§ Exercise description: Starting with the line that has "写真を見ると、同じデザインの" and finishing with the line that has "Completely coincidentally, last", set down each line below exactly. Pictures are not copied.

Stored entries
※ ※ ※

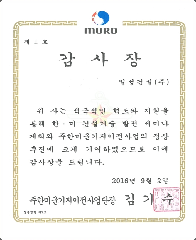 “주한미군기지 이전사업의 정상 추진 기여" 감사장 수상
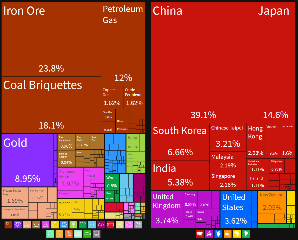 2019年澳大利亞出口分類比重(左)和目的地比重(右)(圖源:oec.world)
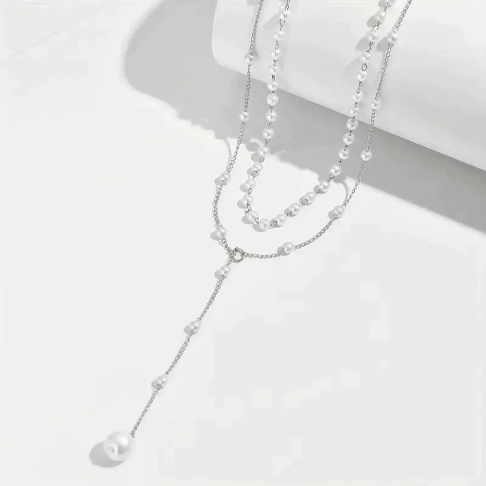2025 New Korean Imitation Pearl Double Layered Choker Big Ball Bead Pendant Tassel Necklace for Women Sexy Fashion Jewelry Gifts
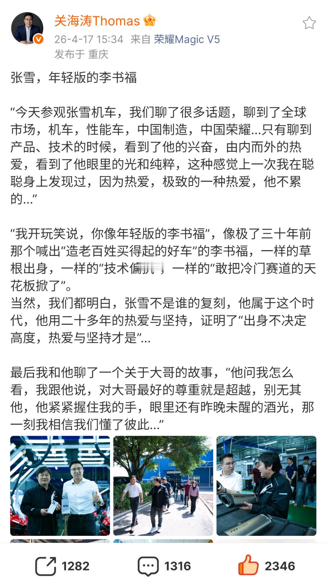 张雪是年轻版的李书福?其实张雪就是他自己,书福董事长也是他自己,只不过他们之间的某种共性,让他们做到了类似的事情。这无疑是我们这个时代的幸运,更是所有追梦人的幸运!
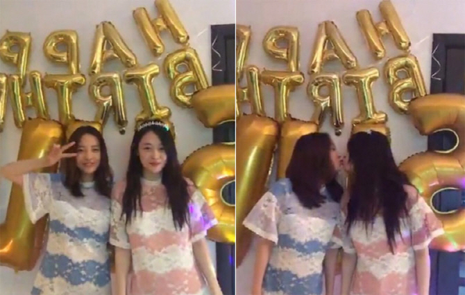 写真を見ると、同じデザインの色違いという「双子コーデ」の2人は、アルファベットをかたどった風船を「HAPPY BIRTHDAY」となるように並べて立っている。
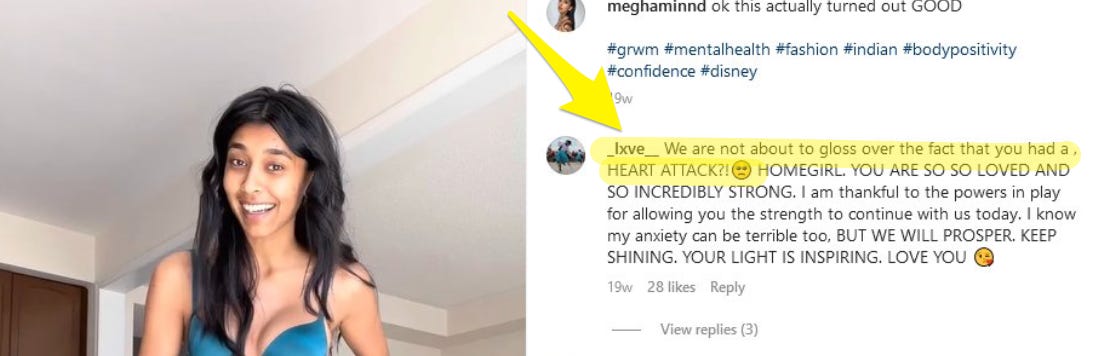 Completely coincidentally, last month 21-year-old Megha posted on her Instagram that she’d had a minor heart attack:
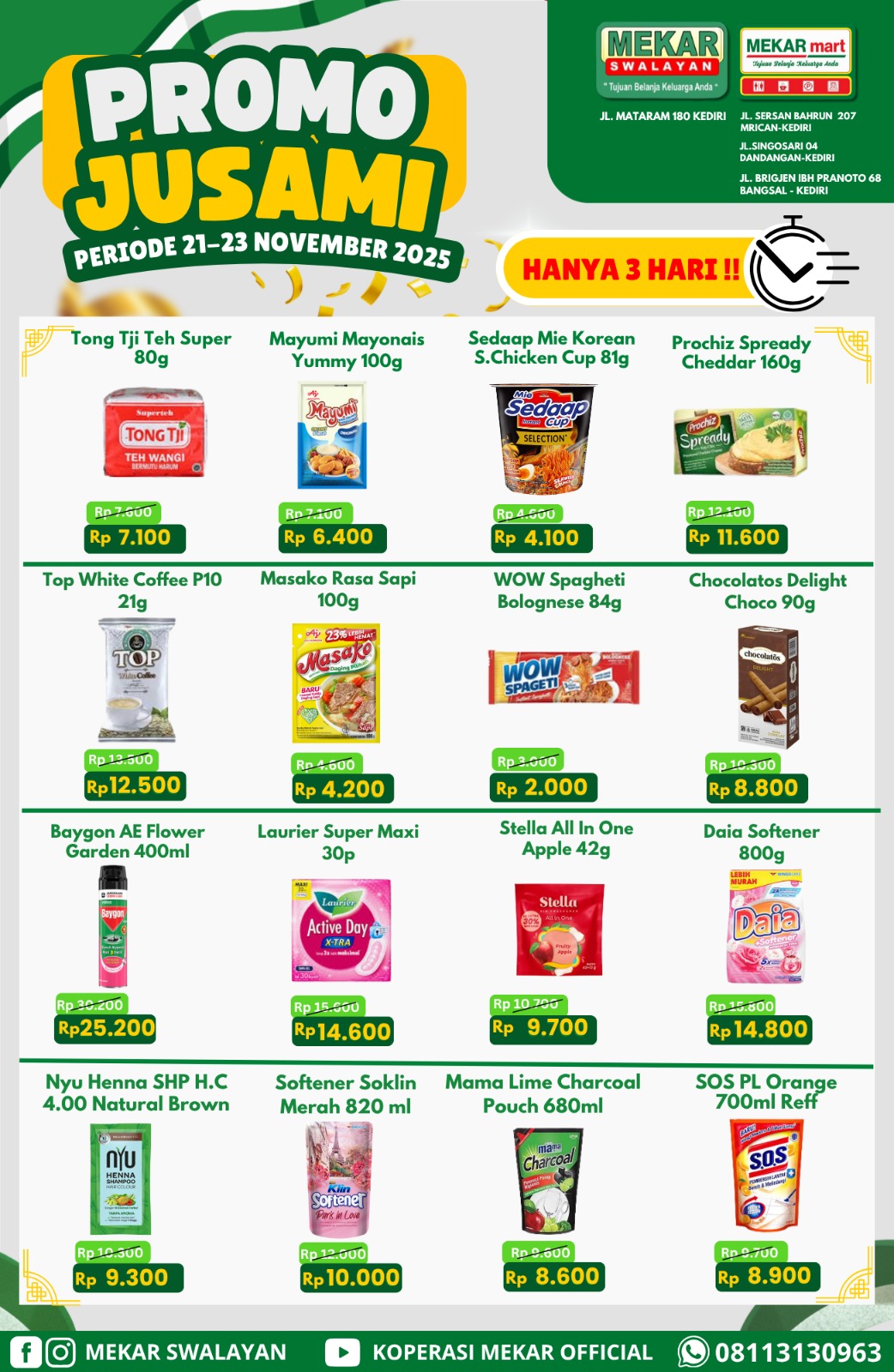 PERIODE PROMO TANGGAL 21-23 NOVEMBER 2025 ✨PROMO JUSAMI✨MEKAR SWALAYAN , MEKAR MART DAN CORNER POINT 21-23 NOVEMBER 2025..Yuk kak segera kunjungi Mekar Swalayan , Mekar Mart & Corner Point karena banyak sekali promo-promo menarik...
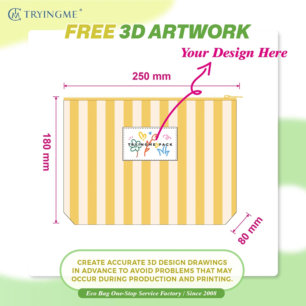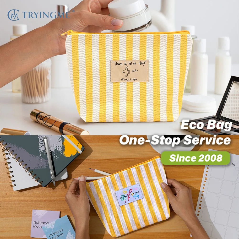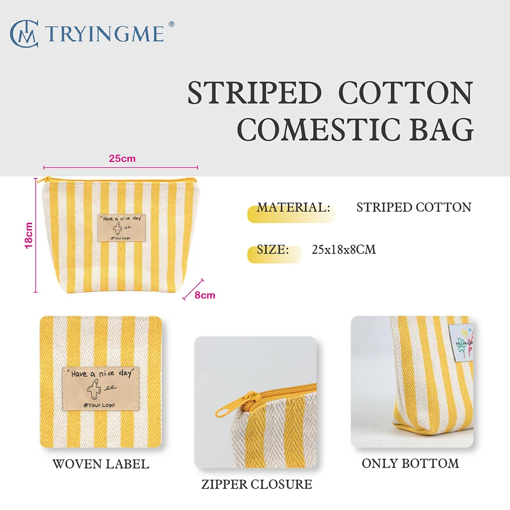 Luxury Eco-friendly Women's Travel Cosmetic Pouch Custom Logo Canvas Striped Cotton Fashion Style Portable Zipper Bag
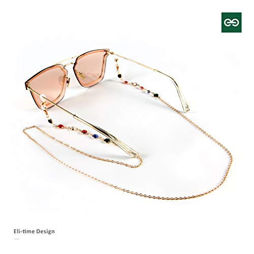 Eli-time Catene per occhiali da donna - Catene per occhiali da sole con perline di cristallo metallico/Supporti per occhiali/Cavi per occhiali con estremità in silicone antiscivolo (Multicolore)

※ ※ ※

§ Response to the task:
 写真を見ると、同じデザインの色違いという「双子コーデ」の2人は、アルファベットをかたどった風船を「HAPPY BIRTHDAY」となるように並べて立っている。
 Completely coincidentally, last month 21-year-old Megha posted on her Instagram that she’d had a minor heart attack:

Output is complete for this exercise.